Hair heat treatments - how do they work?

One really to satisfy my curiosities, rather than delving deep into trying to formulate my own.
I've been questioning how 'heat treatments' for hair work, exactly. They seem to vary significantly from manufacturer-to-manufacturer, although typically have some film-former/copolymers type of chemistry involved, some have hair fixatives, some have cetrimonium chloride (or similar) and the majority either have PEG hydrogenated oils or silicones. I get that silicones are typically heat-resistant, so is it all down to them? And 'them' being kept in situ by a film-former?
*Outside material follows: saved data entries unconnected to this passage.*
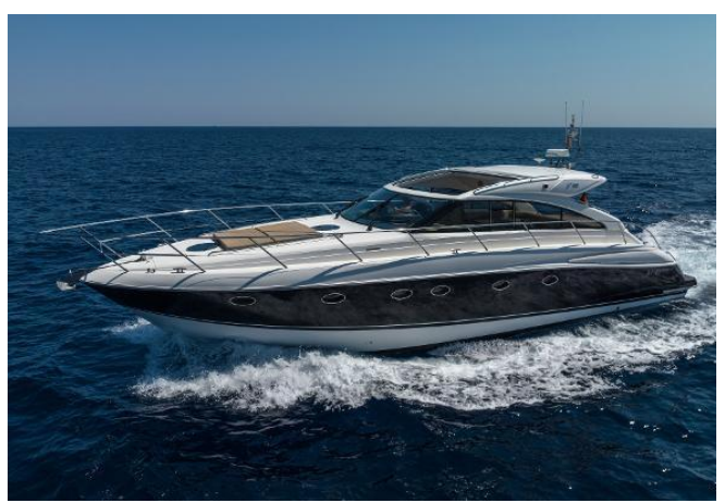
Princess V53 For Sale
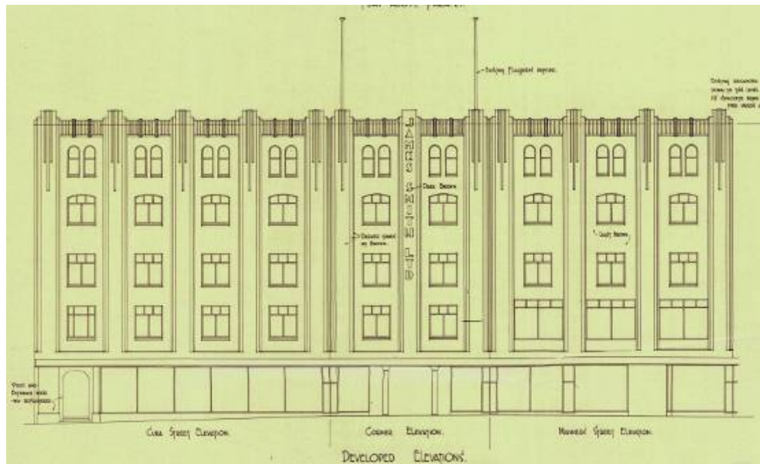
Plans for 1932 Art Deco façade of corner building (WCA 00056:130:B11856)
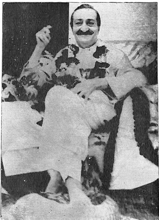
AVATAR MEHER BABA

"The Universe is my ashram, and every heart is my house, but I manifest only in those hearts in which all other than me, ceases to live".
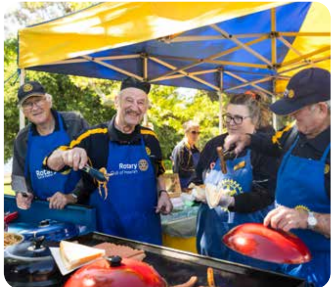
Members of the Rotary Club of Howrah staffing the barbecue at Open Day, November 2024
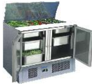
S 900 Saladettes
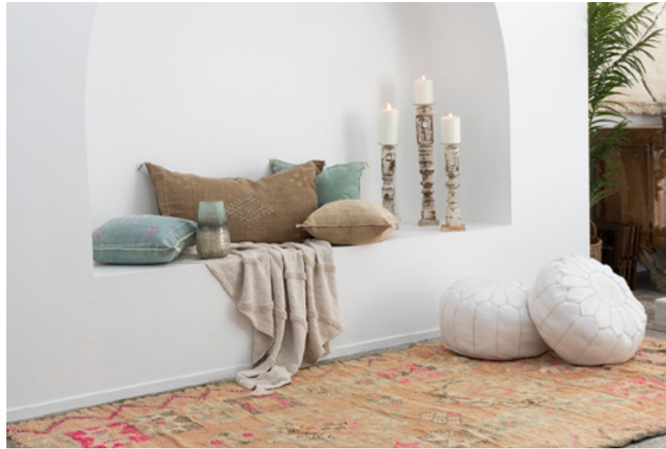
Maison & Maison – 300m
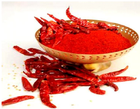
Fig 1.4 Red Chili Powder or Lal Mirch Powder

Red Chili Powder or Lal Mirch Powder : A native of the America, chillis have become so much a part of Indian households, that they are no more associated with the Latin American countries. Red chili powder holds its spiciness on the kind of red chili used.
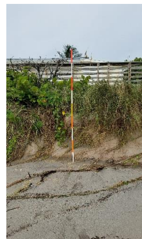
Hurricane Dorian caused dune erosion in front of the Jupiter Civic Center. (September 2019).
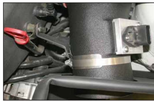
23. Attach the saddle bracket assembly to the intake plenum with the nut removed in step 9, then attach the saddle bracket to the intake tube with the provided hose clamp.
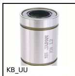
KB_UU Manicotto a sfere di precisione, Di precisione - acciaio

This may lead onto other questions, so apologies in advance!
Thanks also in advance for your time and knowledge.

Comments

  • PerryPerry Administrator, Professional Chemist
    I don't really think they do work which is why they vary so much between manufacturers. However, there are two strategies.  First, as you surmise you put a film on the surface of the hair fibers. Theoretically, the film insulates the hair from the heat thereby preventing damage. Some of the damage is the result of water from the interior of the fiber boiling off which creates bubbles in the cuticle which when combed lead to more damage. The film prevents the water from escaping thus inhibiting damage. Oils or silicone can both do this.

    The second strategy is to include conditioning agents. So, you don't really prevent damage but you cover it up such that consumers don't notice it.  This is really all that's required.

    In the scheme of things, heat damage is relatively minor compared to all the other damage that can be done to hair (combing, getting it wet, coloring, perming, relaxing, etc). But it seems intuitively important to consumers.

    So, marketers exploited this minor problem. Their R&D departments invented science based "solutions" for the problem, and a new product category was born.  Whether it works or not doesn't really matter. What's important is that consumers think it's a big problem and they need products to solve it.
  • Perry said:
    I don't really think they do work which is why they vary so much between manufacturers. However, there are two strategies.  First, as you surmise you put a film on the surface of the hair fibers. Theoretically, the film insulates the hair from the heat thereby preventing damage. Some of the damage is the result of water from the interior of the fiber boiling off which creates bubbles in the cuticle which when combed lead to more damage. The film prevents the water from escaping thus inhibiting damage. Oils or silicone can both do this.

    The second strategy is to include conditioning agents. So, you don't really prevent damage but you cover it up such that consumers don't notice it.  This is really all that's required.

    In the scheme of things, heat damage is relatively minor compared to all the other damage that can be done to hair (combing, getting it wet, coloring, perming, relaxing, etc). But it seems intuitively important to consumers.

    So, marketers exploited this minor problem. Their R&D departments invented science based "solutions" for the problem, and a new product category was born.  Whether it works or not doesn't really matter. What's important is that consumers think it's a big problem and they need products to solve it.
    Interesting stuff, thanks for the response. I think hydrogels/films have a lot of influence on it from what I've seen. I'd like to know whether it's purely the presence of hydrogels or silicones or the combination of both that gives rise to some (if any) heat-protection effect.
     
    I definitely agree, however. For years people have gone about perms and the suchlike without particular attention to heat, and recently (especially a couple of years ago from what I'm aware) it was all the rage that heat treatments were hitting the market. I think you've hit the nail on the head with that one.

    One last thing - wouldn't a company have to evidence their claims? If they're selling it as a heat protection treatment, or that is 'reduces damage caused by straightening/blow-drying', they'd have to have tested it somehow?
  • PerryPerry Administrator, Professional Chemist
    "One last thing - wouldn't a company have to evidence their claims? If they're selling it as a heat protection treatment, or that is 'reduces damage caused by straightening/blow-drying', they'd have to have tested it somehow?"

    Yes, they would have to provide evidence for their claims.  The testing that they do would depend on the specific claim that they are making.

    The term "heat protectant" is pretty vague so any treatment composed of pretty much anything (even just water) could be called a heat protectant. 

    The term "damage" is also pretty vague. If you wanted to prove "reducing damage", that's simply shown by the following test.

    1. Get tresses of hair wet, shampoo and rinse.  
    2. To one tress apply no treatment, to the other tress apply your heat protectant (which also happens to be a hair conditioner).
    3. Blow dry both tresses.
    4. Conduct a combing study measuring the amount of force required to comb hair.
    5. Heat protectant (really a conditioner) reduces combing force thus protecting hair from *damage.

    In this case you claim ease of combing is an indirect measurement of hair damage since damaged hair is harder to comb than undamaged hair.

  • Very good, many thanks @Perry for this detailed run-through. Given I've reasonably limited experience with marketing claims this is quite useful for me to see what could be construed as evidence.